You can see the hang in this ps command:


$ ps wwaux|grep duply
transfe+  7764  0.0  0.0   4508   852 ?        Ss   Oct30   0:00 /bin/sh -c duply db_backup pre+bkp+post >> /var/log/duply
transfe+  7766  0.0  0.0  13056  3420 ?        S    Oct30   0:00 bash /usr/bin/duply db_backup pre+bkp+post
transfe+  8776  0.0  0.0 231436 31732 ?        Sl   Oct30   0:58 python2 /usr/bin/duplicity --name duply_db_backup --encrypt-key 11D39D41 --sign-key 11D39D41 --verbosity 2 --full-if-older-than 1W --exclude-filelist /home/transfers/.duply/db_backup/exclude /var/tmp/pg_dumps scp://[hidden email]//mnt/backup/backups/db3.labmed.uw.edu/db_backup

Duply and Duplicity have been running since yesterday morning - over 33 hours ago.

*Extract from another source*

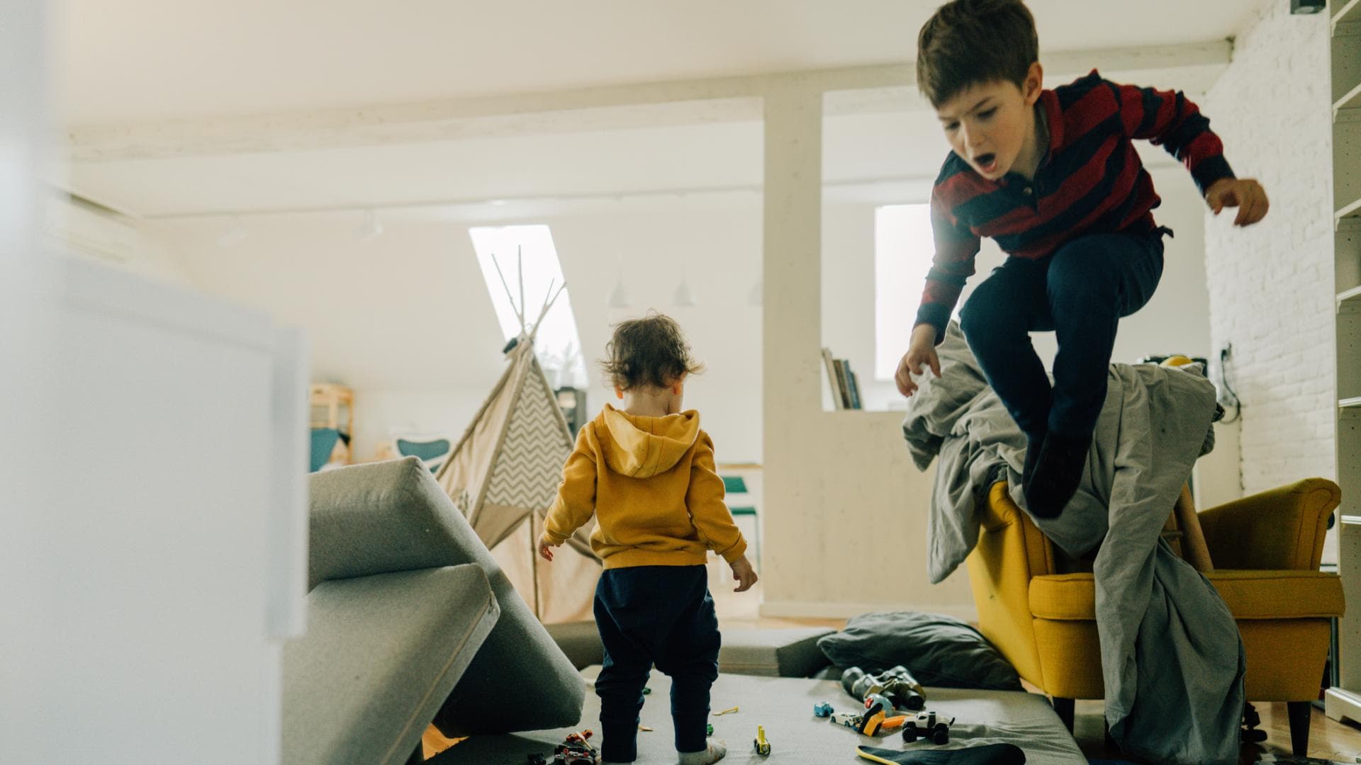 "Ich habe drei Jungs zu Hause im Alter von fünf Jahren, drei Jahren und sechs Monaten. Ehrlich gesagt fühle ich mich am Nachmittag oft überfordert und es fällt mir schwer, mit den drei Kindern zu spielen. Die größeren wollen mit mir raufen oder Rollenspiele spielen. Ich habe oft keine Kraft zum Spielen, und was mache ich in der Zeit mit dem Kleinen? Die beiden Größeren spielen meist nur kurze Zeit miteinander.

Next I noted that the disk space at the remote partition is at 37% - no problem there. The local partition has 11TB free at 2% usage. One responder suggested running strace. When I did that on the parent duplicity process I got this:


sudo strace -p8776
strace: Process 8776 attached
futex(0x19ce500, FUTEX_WAIT_BITSET_PRIVATE|FUTEX_CLOCK_REALTIME, 0, NULL, ffffffff


and it just sat there. Then I did the same on the child process (LWP in ps) and got this:


sudo strace -p8781
strace: Process 8781 attached
restart_syscall(<... resuming interrupted poll ...>) = 0
poll([{fd=4, events=POLLIN}], 1, 100)   = 0 (Timeout)
poll([{fd=4, events=POLLIN}], 1, 100)   = 0 (Timeout)


repeating the poll timeout commands quickly. Occasionally, after about 150 poll timeouts, a sendto command would appear like this:


poll([{fd=4, events=POLLOUT}], 1, 100)  = 1 ([{fd=4, revents=POLLOUT}])
sendto(4, "It\372\261\306\277{V\256\374\351'f\231t\201\245Y\311\343\251`\333\246\224\314\366Q\200\327\331]"..., 64, 0, NULL, 0) = 64

and the repeating poll timeout commands would continue. The second argument to sendto, if you drop the high bit, starts with Itz1F?{V.|i'f^Y^A%YIc)`. Not very enlightening. I did this - sudo strace -f -p8776 - and it outputted the same kind of output as above, only it combined them and identified the PID on each line.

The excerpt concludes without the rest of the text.